**HOW TO COMPLETE THIS TASK**
Whatever pictures the entries hold, omit them, and output exactly the lines from the one containing "73103944 alte Postkarte" through the final line.

(Collected data entries)
* * * * * * * * *

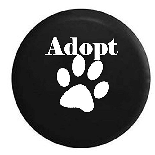Adopt - Dog Lover Paw Print Rescue Spare Tire Cover Black 29 in
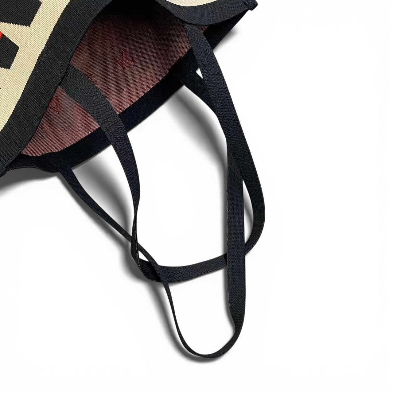 ベージュ×ブラックの千鳥格子柄が印象的なMARNIのトートバッグです。 ジャガード織りのしっかりとした素材感に、フロントのレッドロゴがアクセントになっています。 フラットでミニマルなフォルムながら、モード感のあるデザインがスタイリングを引き締めます。 ユニセックスで使いやすく、カジュアルからモードスタイルまで幅広く活躍するアイテムです。
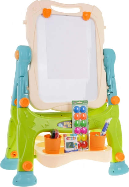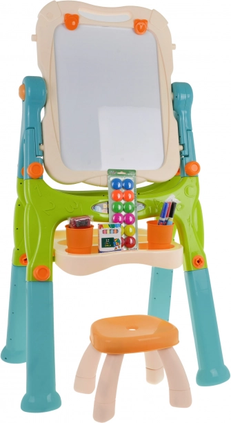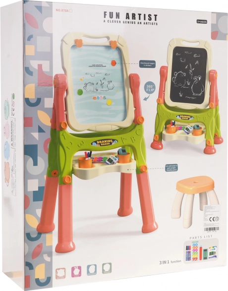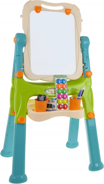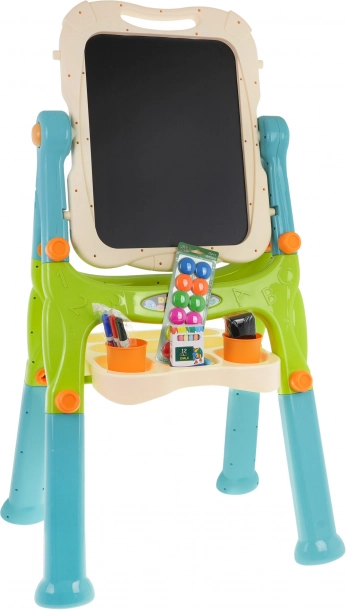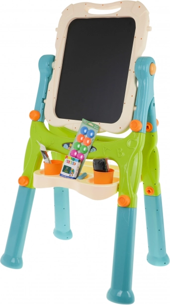 Este set creativo combina una pizarra blanca magnética para escribir con rotuladores y fijar imanes con una superficie negra de tiza para el dibujo clásico. La pizarra gira 360°, tiene bordes redondeados para un uso seguro y, gracias a las patas intercambiables largas y cortas, se adapta fácilmente a la altura actual del niño. La práctica repisa mantiene todos los materiales a mano y las pinzas integradas permiten pintar también sobre papel.
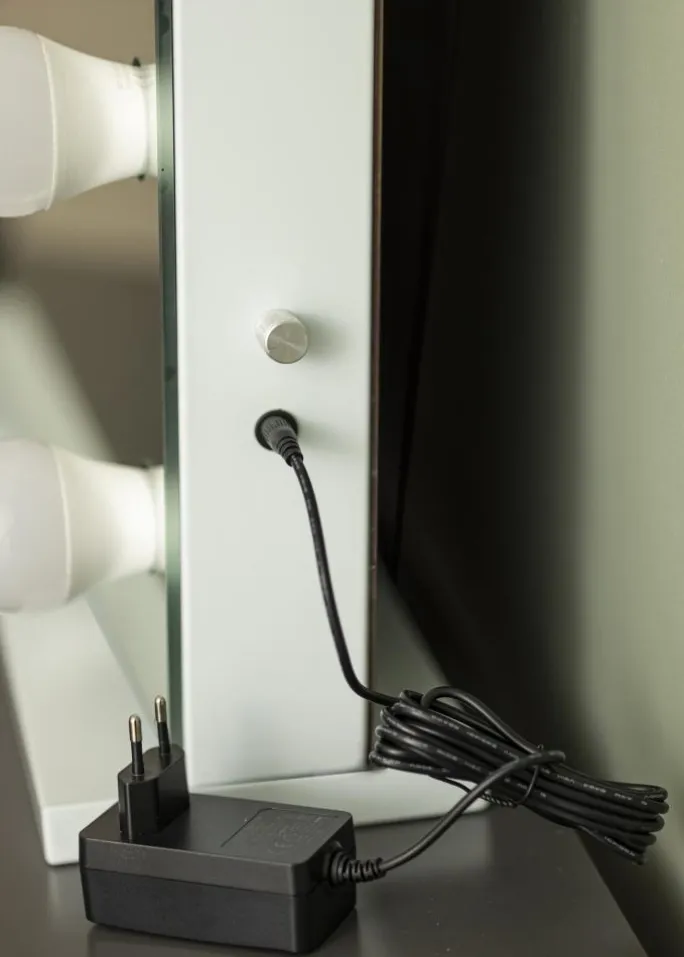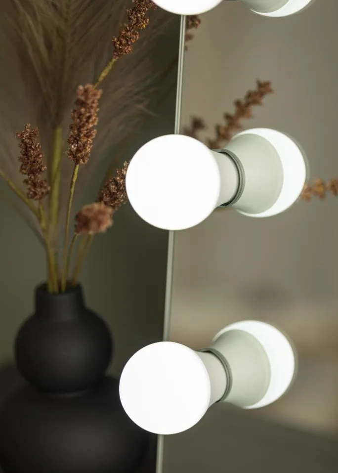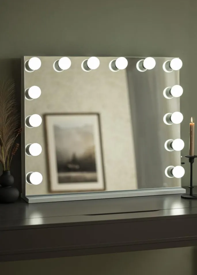 - 14 udskiftelige pærer som indrammer spejlet
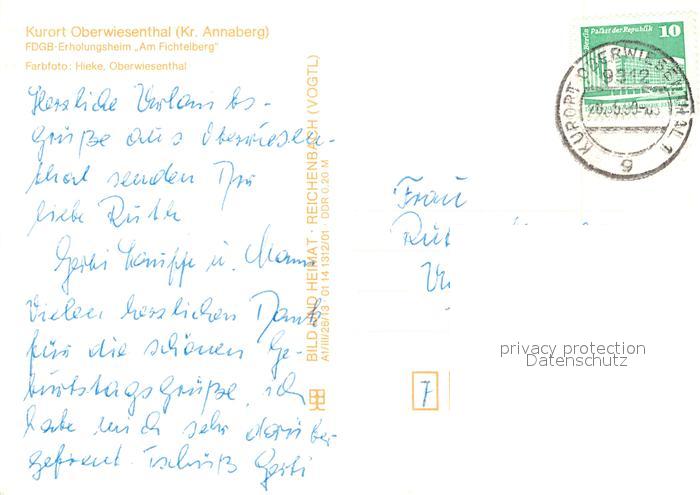 73103944 alte Postkarte Oberwiesenthal Erzgebirge FDGB Erholungsheim Am Fichtelberg postalisch gelaufen Erhaltung siehe scans [WerneD78] KatCode: 11110014171240
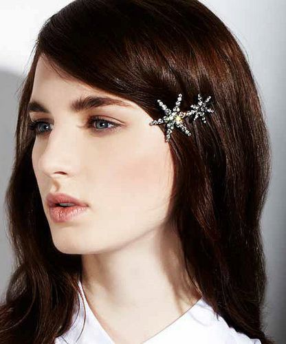 叶子形状的发饰可以作为盘发造型的点缀之物,特别是对于深色头发的人来说,盘发很容易显得有点老气,而带上这种BLING BLING效果的发饰就能立马起到点睛的作用。
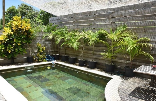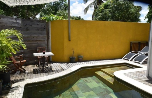 Beautiful house in secure area of Rivière Noire on the west coast of Mauritius with an area of 180 m2 in a small shaded courtyard with a slate-covered swimming pool. The house is supplied with the following equipment:
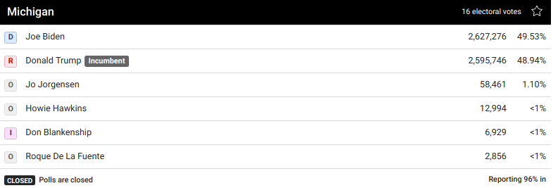 В штате Мичиган у Байдена пока 49.53 % голосов, у его соперника от республиканцев, действующего президента Дональда Трампа - 48.94 %.

* * * * * * * * *

**RESPONSE TO THIS EXERCISE**
 73103944 alte Postkarte Oberwiesenthal Erzgebirge FDGB Erholungsheim Am Fichtelberg postalisch gelaufen Erhaltung siehe scans [WerneD78] KatCode: 11110014171240
 叶子形状的发饰可以作为盘发造型的点缀之物,特别是对于深色头发的人来说,盘发很容易显得有点老气,而带上这种BLING BLING效果的发饰就能立马起到点睛的作用。
 Beautiful house in secure area of Rivière Noire on the west coast of Mauritius with an area of 180 m2 in a small shaded courtyard with a slate-covered swimming pool. The house is supplied with the following equipment:
 В штате Мичиган у Байдена пока 49.53 % голосов, у его соперника от республиканцев, действующего президента Дональда Трампа - 48.94 %.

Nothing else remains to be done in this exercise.